Take the lines from the beginning of the material through the line containing "In een driehoek" and retype them exactly, leaving the pictures out.

Exercise data ->
━━━━━━━━━━━━━━━━

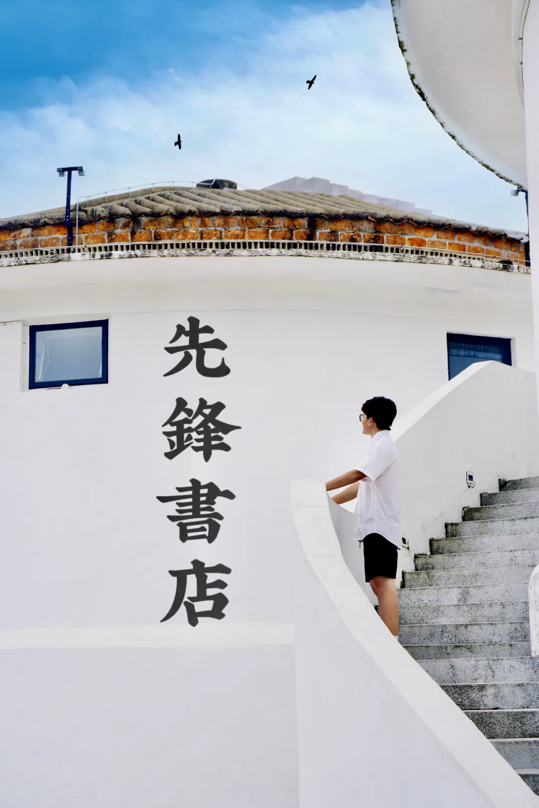 看老街与蓝天白云一同构成
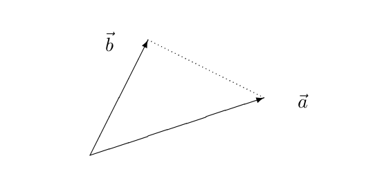 In een driehoek in het vlak waarvan twee zijden corresponderen met de vectoren #\vec{a}# en #\vec{b}# heeft de derde zijde lengte #\norm{\vec{a}-\vec{b}}#. Als de hoek tussen de vectoren #\vec{a}# en #\vec{b}# gelijk is aan #\varphi#, dan leert de cosinusregel dat
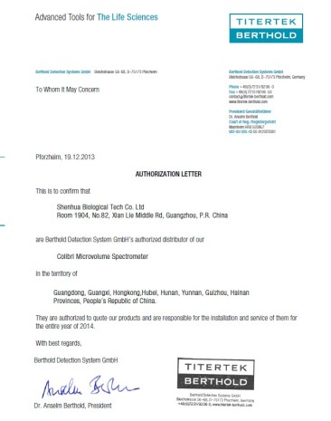 德國伯赫Titertek Berthold是一家擁有35年歷史的著名生命科學(xué)儀器制造廠商,是專注于樣品處理、自動工作站和樣品檢測的高科技公司。總部和研發(fā)生產(chǎn)基地設(shè)在美國Huntsville和德國Pforzheim。2011年德國伯赫Titertek-Berthold公司并推出一款新型超微量分光光度計-Colibri,2013年廣州市深華生物技術(shù)有限公司正式成為德國Norllu伯赫公司超微量分光光度計南方區(qū)總代理。

━━━━━━━━━━━━━━━━

Task result ->
 看老街与蓝天白云一同构成
 In een driehoek in het vlak waarvan twee zijden corresponderen met de vectoren #\vec{a}# en #\vec{b}# heeft de derde zijde lengte #\norm{\vec{a}-\vec{b}}#. Als de hoek tussen de vectoren #\vec{a}# en #\vec{b}# gelijk is aan #\varphi#, dan leert de cosinusregel dat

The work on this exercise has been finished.